Libby at Tails of Hope seemed to be comfortable with them.

CoppersMom: If you want to email Libby at Tails of Hope and ask what the email or website for the rescue is because you want to send a donation that would be good

I will email Libby [email protected] f you want me to but I got the feeling she was getting tired from all the emails I was sending her about this baby!!!

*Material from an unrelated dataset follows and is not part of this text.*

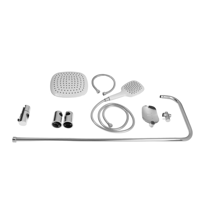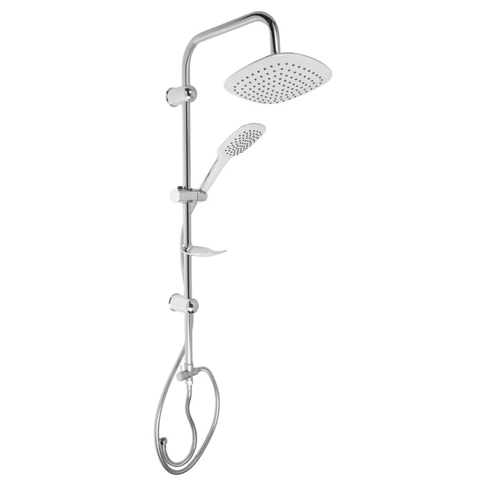 Душевая система ZEIN Z1002, тропическая и ручная лейка, шланги, стойка, мыльница, хром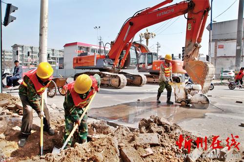 圖為勝利街改造工程開(kāi)挖道路管線探槽現(xiàn)場(chǎng)(梁春霞 攝)

Let me know if you don't want to and I will email her.


----------



## coppers-mom (Jan 9, 2009)

Karen,
I'll take care of it on my end.
Thanks,
Teresa


----------



## Karen519 (Aug 21, 2006)

*Teresa*

Teresa

Don't forget to email Libby and ask for name and location of rescue she went to and let me know too!!


----------



## coppers-mom (Jan 9, 2009)

I e-mailed Libby today. I'll let you know when/if I hear back from her.


----------



## Karen519 (Aug 21, 2006)

*Good*

Good Teresa!
let me know


----------



## coppers-mom (Jan 9, 2009)

Libby doesn't know who rescued the puppy. the shelter just told her the pup had been picked up by a rescue.
I hope she's happy and healthy. We did the best we could.


----------



## Karen519 (Aug 21, 2006)

*Yes*

Yes we did the best we could! Thanks for emlg.
*TERESA
Did you ever hear of a Brenda with Animal Adocates of Union County
or Animal Adoption league in Charlotte NC?
She said she might have a foster home for Copper (Larry Miller) dog living in backyard, but I wanted to check out.*


----------



## GoldenJoyx'stwo (Feb 25, 2007)

Karen519 said:


> Yes we did the best we could! Thanks for emlg.
> *TERESA*
> *Did you ever hear of a Brenda with Animal Adocates of Union County*
> *or Animal Adoption league in Charlotte NC?*
> *She said she might have a foster home for Copper (Larry Miller) dog living in backyard, but I wanted to check out.*


See if Fostermom has heard of them. I think she's in NC.


----------



## coppers-mom (Jan 9, 2009)

I haven't heard of them, but I only get into Rescues when I see someone on here I can't keep from checking out, so I don't know much about it.


----------



## Karen519 (Aug 21, 2006)

*Kimm*

Kimm

I emld FosterMom-waiting for reply.


----------